Reputation: 736
There is a file which has special character as delimiter (§) utfCode -> 0xA7
Snapshot of file is below
"Diablo"§"tRaider"§"2019-08-12"
"GOT"§"BeltMorham"§"2019-01-02"
"Tomb Raider"§"RealMason"§"2019-04-02"
Now The fileformat is below
Create FILE FORMAT GamerFF
SET COMPRESSION = 'AUTO'
FIELD_DELIMITER = '§'
RECORD_DELIMITER = '\n'
SKIP_HEADER = 0
FIELD_OPTIONALLY_ENCLOSED_BY = '\042'
TRIM_SPACE = FALSE ERROR_ON_COLUMN_COUNT_MISMATCH = TRUE
ESCAPE = 'NONE'
ESCAPE_UNENCLOSED_FIELD = '\134'
DATE_FORMAT = 'AUTO' TIMESTAMP_FORMAT = 'AUTO'
NULL_IF = ('\\N');
However when I try to read from the file.
select $1 from stage (file_format=>gamerFF).
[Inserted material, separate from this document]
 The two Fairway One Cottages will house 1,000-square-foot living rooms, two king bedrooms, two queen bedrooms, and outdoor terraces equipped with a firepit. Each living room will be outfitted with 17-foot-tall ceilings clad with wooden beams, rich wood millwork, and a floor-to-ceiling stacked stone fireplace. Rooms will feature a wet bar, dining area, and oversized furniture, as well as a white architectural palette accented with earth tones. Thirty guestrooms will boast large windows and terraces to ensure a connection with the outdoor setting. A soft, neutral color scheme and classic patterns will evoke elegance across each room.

Found character '\u00c2' instead of record delimiter '\n' File 'gngamer.txt', line 1, character 4 Row 1, column "TRANSIENT_STAGE_TABLE"["$1":1]
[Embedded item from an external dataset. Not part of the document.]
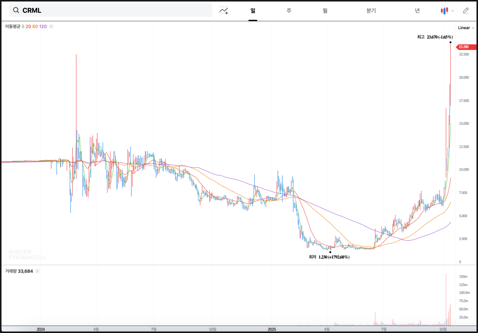 마지막으로 주가 얘기 해보곘습니다. CRML 주가는 2025년 초까지만 해도 1달러대 초반(1.23달러)까지 밀리며 시장의 관심권 밖에 있었습니다. 장기 하락 추세선 아래에서 거래량도 많지 않았고, 뚜렷한 상승 모멘텀도 없었죠. 하지만 7월 이후부터 분위기가 달라지기 시작했습니다. 거래량이 점진적으로 붙으면서 주가가 천천히 3~5달러 구간을 회복했고, 9월 말부터는 본격적인 급등세로 전환했습니다.

It complains for another character Â, utfcode -> \u00c2 which when I update the format with new delimiter works for first column.
But as soon as I try to read next column it throw the error. about error code (§)
select $1,$2 from stage (file_format=>gamerFF).
Invalid UTF8 detected in string '0xA7"1"' File 'gngamer.txt', line 1, character 5 Row 1, column "TRANSIENT_STAGE_TABLE"["$2":2]
using validate_utf=false does not help as it is bringing the special character in the field value.
Its look now I need two delimiter. I cannot change the input file.
Can any body please suggest
Upvotes: 1
Views: 1323
Reputation: 10144
You need to set FIELD_DELIMITER to '\xc2\xa7':
create or replace FILE FORMAT GamerFF COMPRESSION = 'AUTO'
FIELD_DELIMITER = '\xc2\xa7'
RECORD_DELIMITER = '\n'
SKIP_HEADER = 0
FIELD_OPTIONALLY_ENCLOSED_BY = '\042'
TRIM_SPACE = FALSE ERROR_ON_COLUMN_COUNT_MISMATCH = TRUE
ESCAPE = 'NONE'
ESCAPE_UNENCLOSED_FIELD = '\134'
DATE_FORMAT = 'AUTO' TIMESTAMP_FORMAT = 'AUTO'
NULL_IF = ('\\N');
Upvotes: 2